[[ Dataset excerpt open ]]

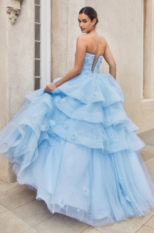 ARDEN | Strapless Layered Tulle Ball Gown Light Blue Wedding Dress
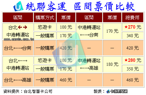 去年12月起統聯客運與台北智慧卡公司合作,可以使用悠遊卡搭車,還祭出票價135元的優惠,不但方便了台北的民眾,也使得許多台中的居民,開始使用悠遊卡,讓悠遊卡的版圖順利跨進中部地區。
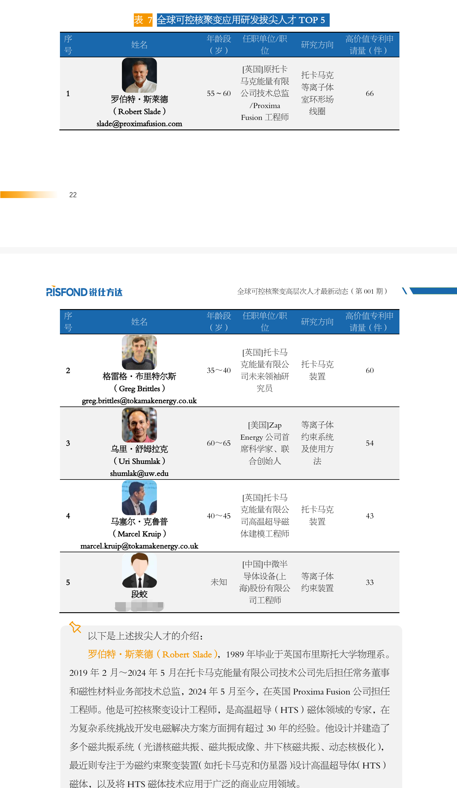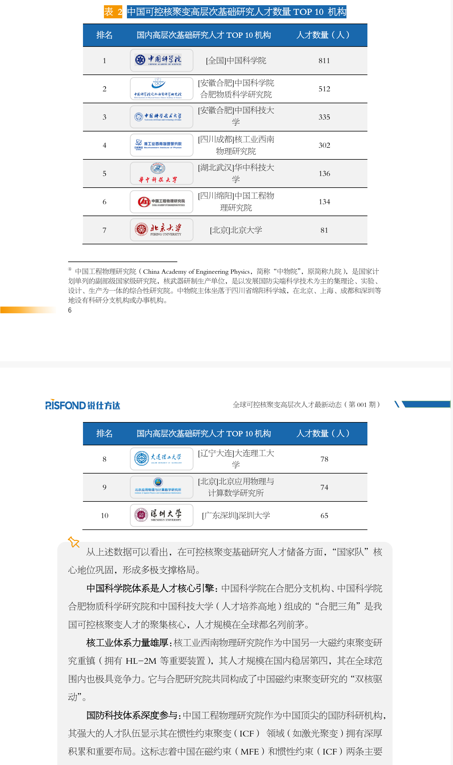 本报告将可控核聚变人才分为基础研究人才和应用研发人才,前 者输出科研成果的方式主要是学术论文,内容以基础研究为主;后者主要是发明 专利,内容以应用研发为主。报告以高层次人才为分析对象。

[[ Dataset excerpt closed ]]

Would you output the data exactly, without any of its images?

 ARDEN | Strapless Layered Tulle Ball Gown Light Blue Wedding Dress
 去年12月起統聯客運與台北智慧卡公司合作,可以使用悠遊卡搭車,還祭出票價135元的優惠,不但方便了台北的民眾,也使得許多台中的居民,開始使用悠遊卡,讓悠遊卡的版圖順利跨進中部地區。
 本报告将可控核聚变人才分为基础研究人才和应用研发人才,前 者输出科研成果的方式主要是学术论文,内容以基础研究为主;后者主要是发明 专利,内容以应用研发为主。报告以高层次人才为分析对象。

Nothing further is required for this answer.